* WHAT NEEDS TO BE DONE: In the data below, find the line containing "Die Rückwand wird", then set down that line and every later line up to and including the line containing "Pendellampen Mesh kombinerer", exactly.

* GIVEN RECORDS:

····················

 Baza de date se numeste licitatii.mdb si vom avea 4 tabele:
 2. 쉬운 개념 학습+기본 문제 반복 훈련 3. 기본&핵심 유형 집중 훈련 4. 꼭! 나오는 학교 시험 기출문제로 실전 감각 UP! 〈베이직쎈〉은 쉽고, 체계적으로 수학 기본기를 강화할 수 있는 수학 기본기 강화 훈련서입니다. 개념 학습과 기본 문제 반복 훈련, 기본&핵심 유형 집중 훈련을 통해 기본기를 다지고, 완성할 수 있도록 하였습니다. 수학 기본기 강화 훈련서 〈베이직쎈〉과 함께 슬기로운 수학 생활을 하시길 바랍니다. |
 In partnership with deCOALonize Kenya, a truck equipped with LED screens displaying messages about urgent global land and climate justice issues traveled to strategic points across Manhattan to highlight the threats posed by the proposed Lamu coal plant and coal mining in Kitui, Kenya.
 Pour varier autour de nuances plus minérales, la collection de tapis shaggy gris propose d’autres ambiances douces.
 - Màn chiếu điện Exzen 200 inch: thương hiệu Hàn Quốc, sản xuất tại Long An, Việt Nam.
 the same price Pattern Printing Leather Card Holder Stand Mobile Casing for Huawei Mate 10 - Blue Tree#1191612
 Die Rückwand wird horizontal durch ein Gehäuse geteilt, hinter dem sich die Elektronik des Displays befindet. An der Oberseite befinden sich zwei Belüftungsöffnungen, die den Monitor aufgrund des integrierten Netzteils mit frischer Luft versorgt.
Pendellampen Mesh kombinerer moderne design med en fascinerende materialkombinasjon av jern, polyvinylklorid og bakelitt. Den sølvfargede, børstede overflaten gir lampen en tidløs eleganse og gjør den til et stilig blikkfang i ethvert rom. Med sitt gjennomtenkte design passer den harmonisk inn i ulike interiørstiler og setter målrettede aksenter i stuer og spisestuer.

····················

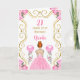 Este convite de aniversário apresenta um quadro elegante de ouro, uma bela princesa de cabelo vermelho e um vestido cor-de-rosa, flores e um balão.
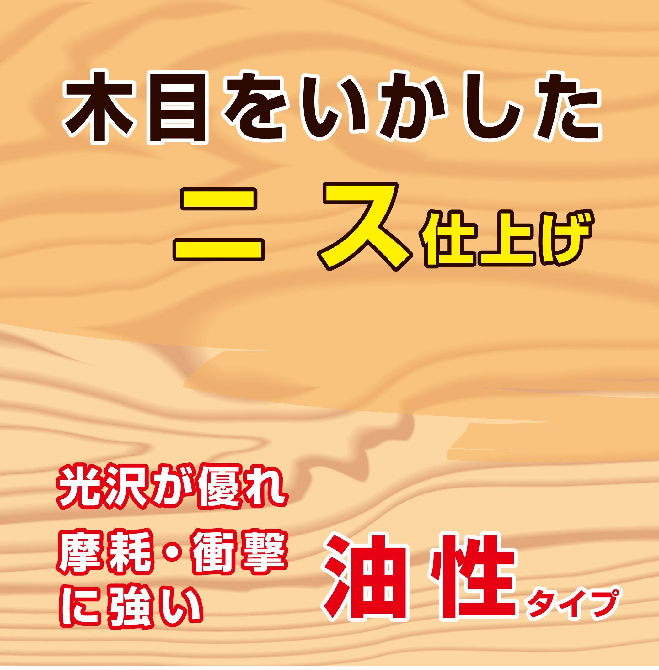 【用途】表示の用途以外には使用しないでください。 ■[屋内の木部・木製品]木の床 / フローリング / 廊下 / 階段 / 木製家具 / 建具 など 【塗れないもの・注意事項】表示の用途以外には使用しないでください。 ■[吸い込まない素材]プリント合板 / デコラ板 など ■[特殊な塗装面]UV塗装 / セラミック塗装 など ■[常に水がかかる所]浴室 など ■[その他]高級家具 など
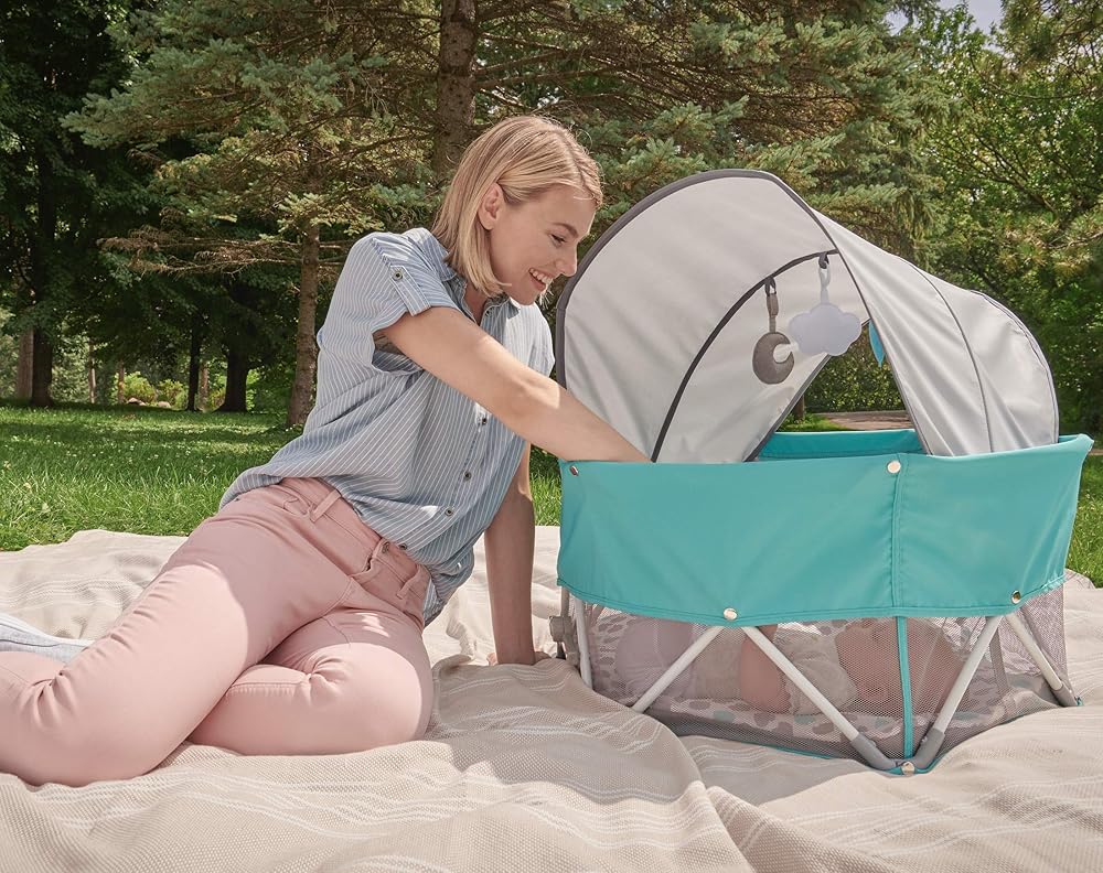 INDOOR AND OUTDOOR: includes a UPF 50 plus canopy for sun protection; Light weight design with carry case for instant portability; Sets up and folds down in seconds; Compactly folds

····················

* WRITTEN REPLY:
 Die Rückwand wird horizontal durch ein Gehäuse geteilt, hinter dem sich die Elektronik des Displays befindet. An der Oberseite befinden sich zwei Belüftungsöffnungen, die den Monitor aufgrund des integrierten Netzteils mit frischer Luft versorgt.
Pendellampen Mesh kombinerer moderne design med en fascinerende materialkombinasjon av jern, polyvinylklorid og bakelitt. Den sølvfargede, børstede overflaten gir lampen en tidløs eleganse og gjør den til et stilig blikkfang i ethvert rom. Med sitt gjennomtenkte design passer den harmonisk inn i ulike interiørstiler og setter målrettede aksenter i stuer og spisestuer.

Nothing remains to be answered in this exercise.